Second, directed distribution according to the chip key range

If you want a specific range of chunk to be distributed to a particular shard, you can add a tag to the Shard, and then specify the corresponding slice key range for the tag, so that if a doc is part of the tag's slice key range, it will be directed to a specific shard.

1, specify tag for Shard

Sh.addshardtag ("Shar1", "Shard_tag1"), Sh.addshardtag ("Shar2", "Shard_tag2"); Sh.addshardtag (" Shar3 "," Shard_tag2 ");

2, specify the chip key range for tag

Sh.addtagrange (
"Db_name.collection_name", {field:"Min_value"}, {field:"Max_value"}, " Shard_tag ")

Each shard tag can use any number of Tag,mongodb's equalizer to move the block, moving the chunk of a particular slice key range to a specific shard.
Third, manual distribution of data

MongoDB built-in equalizer (balancer), automatic data block splitting and movement, sometimes you can turn off balancer, using the Movechunk command to manually move the data block.

1, Close balancer

Connect to a MONGOs, update the Config.setting namespace

Use Config
Db.setting.update ({"_id": "Balancer"},{"Enabled":false},true)

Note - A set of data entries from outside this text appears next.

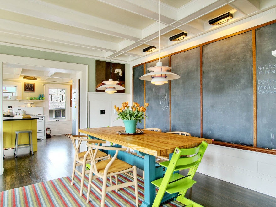 - В обеденной зоне поставьте большой прямоугольный или круглый стол из массива дерева.
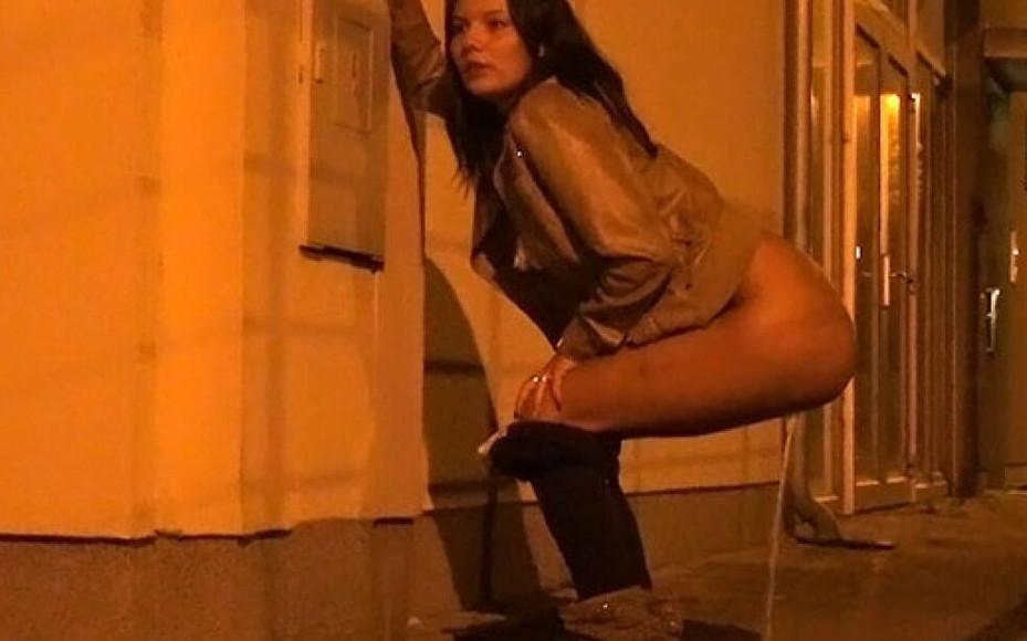 Got2Pee presents "Orange" - part of the Puffy Network. At night a gorgeous babe walks through the city and needs to pee before she gets home. She pulls down her trousers and bends over, crouching as she holds onto a ledge letting her golden pee drench the concrete floor below.
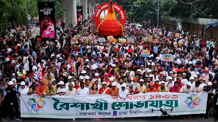 মঙ্গলবার (১৪ এপ্রিল) সকাল ১০টার দিকে শোভাযাত্রাটি ঢাকা বিশ্ববিদ্যালয়ের চারুকলা অনুষদ প্রাঙ্গণে এসে সমাপ্ত হয়। এতে কয়েক হাজার মানুষ অংশ নেন।
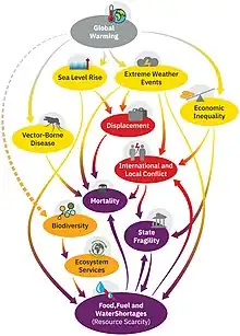 Climate change may increase the risk of violent conflict, which can lead to injuries, such as battle injuries, and death. Conflict can result from the increased propensity towards violence after people become more irritable due to excessive heat.[63] There can also be follow-on effects on health from resource scarcity or human migrations that climate change can cause or aggravate in already conflict prone areas.[64][65]

Sh.setbalancerstate (FALSE);

2, split block
A split block is a new boundary point that splits a chunk into two chunk at the boundary point. In MongoDB, the slice keys are sorted from small to large, and the boundary values belong to the chunk on the right.

Sh.splitat ("Db_name.collection_name", {sharded_filed: "New_boundary_value"})

3, moving the block
MongoDB moves the chunk that contains the specified document to the specified shard, and you must use the slice key to find the chunk you want.

Sh.movechunk ("Db_name.collection_name", {sharded_filed: "Value_in_chunk"}, "New_shard_name")

4, Enable Balancer

Sh.setbalancerstate (true)

5, refresh the MONGOs cache

Between the application layer and the data store, there is a query Router that Mongos,mongos synchronizes the configuration data from config server and caches it in MONGOs after the first boot or the metadata of the Shard is updated. Sometimes, MONGOs cannot synchronize the latest configuration information on the config server in a timely manner, resulting in the inability to route to the appropriate chunk, returning the correct data, and using the Flushrouterconfig command to manually refresh the MONGOs cache

Db.admincommand ({"Flushrouterconfig": 1})

Reference Documentation:

Sharding

MongoDB Data distribution

Related Article

Contact Us

The content source of this page is from Internet, which doesn't represent Alibaba Cloud's opinion; products and services mentioned on that page don't have any relationship with Alibaba Cloud. If the content of the page makes you feel confusing, please write us an email, we will handle the problem within 5 days after receiving your email.

If you find any instances of plagiarism from the community, please send an email to: info-contact@alibabacloud.com and provide relevant evidence. A staff member will contact you within 5 working days.

A Free Trial That Lets You Build Big!

Start building with 50+ products and up to 12 months usage for Elastic Compute Service

  • Sales Support

    1 on 1 presale consultation

  • After-Sales Support

    24/7 Technical Support 6 Free Tickets per Quarter Faster Response

  • Alibaba Cloud offers highly flexible support services tailored to meet your exact needs.